CBS doesn't announce their development slate. They only announce shows that have been picked up.

Sci-Fi did NOT announce that there was going to be a Caprica show. They announced, in effect, that they've come up with the idea, and that they're thinking about it. It's the equivalent not of CBS announcing a new CSI show, but rather of Paramount muttering about a Starfleet Academy show (which has happened several times, yet the show has never gotten made).

Maybe Caprica will happen, maybe it won't. I remember the first time they did this, several years ago; in their development slate for that year were two series, Anonymous Rex and Riverworld. Neither appeared for ages, and when they did, they were pilots that they ran as Sci-Fi Original movies.

Again, I have no clue why Sci-Fi does this. It seems to me that it would only frustrate people who pay attention. Perhaps they're trying to gage interest, like some of the sleazier book publishers who announce books, then only publish them if they get enough advance orders.


----------



## Graymalkin (Mar 20, 2001)

A show about the Adamas and the _Greystokes_ would be more interesting to me. (But not the _Greystoke_ abomination that ran, oh so briefly, on the WB.)


----------



## cwoody222 (Nov 13, 1999)

More BSG is not a bad thing! Bring it on, Sci-Fi!


----------



## 7thton (Mar 3, 2005)

If Ron Moore is attached, it will probably be good.


----------



## Jericho Dog (Feb 10, 2006)

philw1776 said:


> 24!
> Me, I want to see the Cylon version of Chloe. Maybe we'll finally understand what 'checking the binaries' really means. If the humans 'set up a perimiter' we'll KNOW they're screwed.


That's exactly what happened to Caprica.
They set up one, big, hard perimiter.


----------



## DevdogAZ (Apr 16, 2003)

appleye1 said:


> So we assume that this means this series would be set 50 years prior to the mini-series, and that at the beginning of the mini-series we hadn't seen the Cylons for 40 years.
> 
> Given this quote:
> 
> Then it appears that it only took 10 years from the time the first Cylon was created until the time that they fled after their defeat in the original war? That just doesn't seem long enough.
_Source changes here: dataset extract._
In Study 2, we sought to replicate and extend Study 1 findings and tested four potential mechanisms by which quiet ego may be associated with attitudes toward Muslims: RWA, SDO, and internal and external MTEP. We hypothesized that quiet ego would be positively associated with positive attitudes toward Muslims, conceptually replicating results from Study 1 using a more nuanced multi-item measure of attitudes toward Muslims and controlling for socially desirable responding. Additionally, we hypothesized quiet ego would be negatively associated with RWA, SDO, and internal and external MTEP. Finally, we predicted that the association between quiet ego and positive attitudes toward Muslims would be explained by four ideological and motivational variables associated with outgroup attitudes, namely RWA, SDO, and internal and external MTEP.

That's exactly what I was going to say. It seems that 10 years from first prototype to the Cylons being plentiful and powerful enough to defeat the humans in an all-out war is pretty far fetched. Wouldn't be that hard for them to just tweak the timeline a little to make it more believable.


----------



## dtivouser (Feb 10, 2004)

Amnesia said:


> Have we met a Graystone?


Yes, we have. I can't wait to see Tarzan living in the Caprica jungles using lions and gorillas to fight the frakin Cylon centurians!


----------



## DevdogAZ (Apr 16, 2003)

dtivouser said:


> Yes, we have. I can't wait to see Tarzan living in the Caprica jungles using lions and gorillas to fight the frakin Cylon centurians!


k != n


----------



## kaszeta (Jun 11, 2004)

7thton said:


> If Ron Moore is attached, it will probably be good.
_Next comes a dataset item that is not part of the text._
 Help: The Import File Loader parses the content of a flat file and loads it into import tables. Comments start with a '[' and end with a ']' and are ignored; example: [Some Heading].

I'm somewhat dubious. Listening to the BSG podcasts, it's obvious that the writing team is making up much of the overall plotline as they go one. I'm a little afraid that going back and doing a second series 50 years before will result in Caprica's canon conflicting with BSG's canon, until, like Enterprise, they come up with some hokey explanation for the discontinuities.


----------



## ironchef (Dec 27, 2002)

philw1776 said:


> 24!
> Me, I want to see the Cylon version of Chloe. Maybe we'll finally understand what 'checking the binaries' really means. If the humans 'set up a perimiter' we'll KNOW they're screwed.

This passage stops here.